Militants destroy the cultural legacy of Mosul
Sunday, June 22nd, 2014 12:16:01 by Nadeem BajwaWars not only kill people, also try to kill the cultural. The struggle between the Sunni extremists of the Islamic State in Iraq and the Levant (ISIS) is no different. Witnesses tell reporters that militants in Mosul destroyed several monuments, including the tomb of a medieval philosopher. A few days ago, UNESCO warned of this danger and called on Iraqis to preserve their historical and cultural heritage. Since the ISIS took that city in northern Iraq, its militants have destroyed the sanctuary in which was buried Ibn al Athir, a historian and philosopher who traveled in the twelfth century with the army of Saladin and wrote the most reliable account of the Crusades from the Muslim point of view.
Apparently, dome has completely disappeared that rose on the grave of Ibn al Athir, and the park surrounding it. Ibn al Athir also compiled a history of Muslims since the advent of Islam up to his time.
Currently, there are no reports that have damaged the ruins of ancient Nineveh, that are in the city center. But extremists have also demolished the statues of Musuli Ozman, Iraqi musician and composer of the nineteenth century, and Abu Tammam, an Arab poet of the Abbasid period.
It is the same course of action that they have executed earlier in Syria. Militants of ISIS and similar groups are an extreme interpretation of Sunni Islam known as Salafism considering the veneration of statues and tombs as idolatry. Just parochialism encouraged the destruction of the giant Buddhas of Bamiyan by the Taliban in Afghanistan in 2001.

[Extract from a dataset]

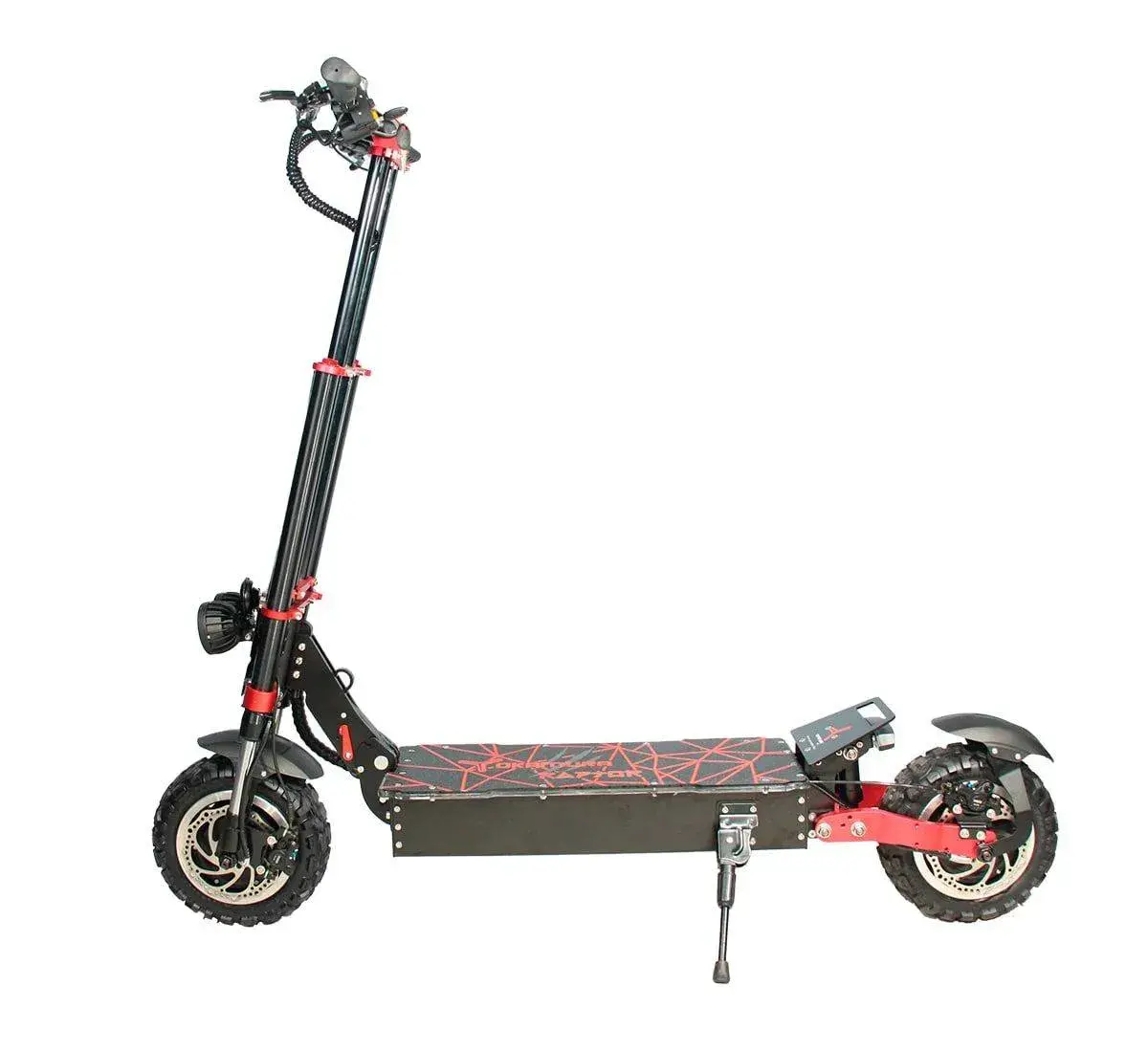 Электросамокат YOKAMURA Raptor 11 - это абсолютная новинки 2020 года создана высококвалифицированными инженерами компании. Все отточено до мелочей, надежная подвеска в виде мотовилки, отлично справляется с любыми не ровностями и при любых скоростях. Мощные новые мотор колеса по 3000w каждое, имеет не повторимую начинку из новейших магнитов шириной 6 см, при помощи которых максимальная скорость которую может набрать самокат является свыше 90 км/ч. Набор скорости стал очень плавный и управляемый при помощи умных мозгов самоката, в нем установлены самые новые синусные контролеры по 45 ампер каждый, что является на сегодняшний день трендом в индустрии электротранспорта.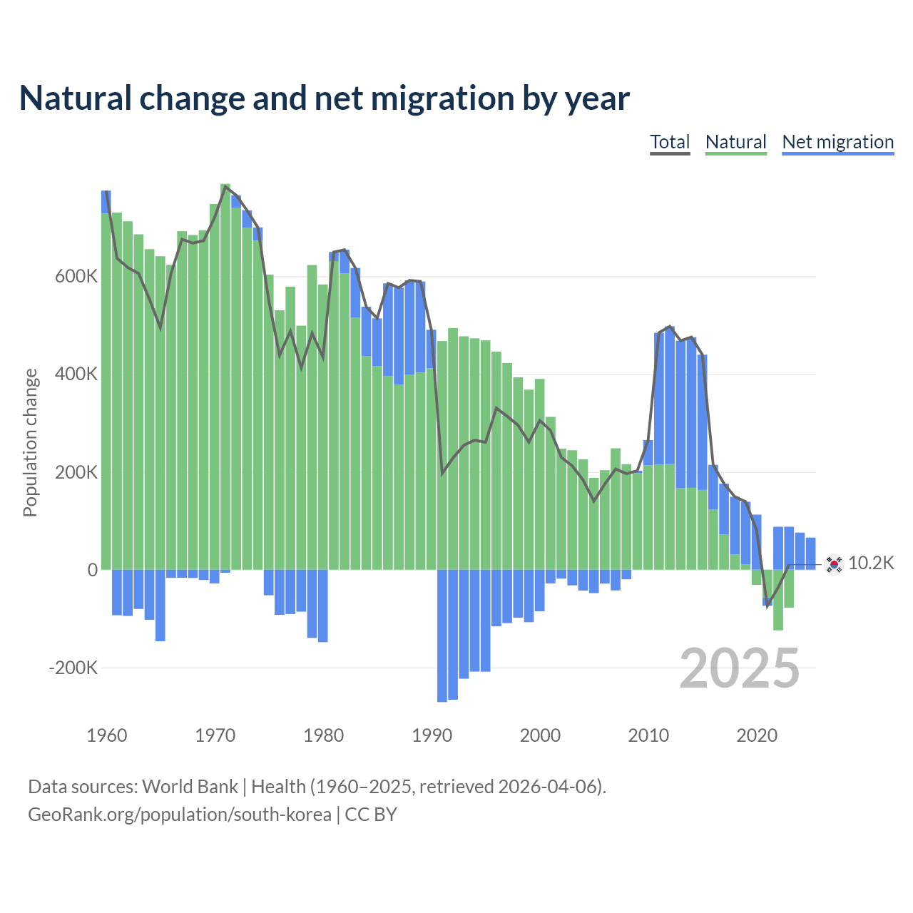 Over the last 10 years, 17.6% of the population change in South Korea is from natural causes (a gain of 277,215 people) and 82.4% is from migration (a gain of 1,298,356 people).

“I call on all Iraqis speaking together in protecting the cultural heritage of their country. Represents a single witness to humanity, the origins of our civilization and inter-ethnic and inter-religious coexistence, “said Irina Bokova, the director general of UNESCO, after the capture of Mosul.
The organization launched the appeal to the risk of the damage that has been inflicted by ISIS in Syria and Iraq and suffered during previous conflicts to reproduce. The assault on the Baghdad Museum in 2003 facing no opposition from U.S. troops resulted in the destruction of hundreds of figures, some 2,000 years old, and the theft of thousands of stamps, tablets and artifacts of great symbolic value, many of which have not yet been recovered.
The three Iraqi sites declared World Heritage are precisely in the areas controlled by the insurgents. Hatra, a fortified city considered the capital of the first Arab Kingdom, is located southwest of Mosul, in the same province of Nineveh. The ancient cities of Ashur and Samarra are in the province of Saladin. In the latter, the government forces have halted the rebels.
“The greatest threat to heritage monuments, which makes them a target, and looting and illegal trafficking of cultural goods,” Bokova warned.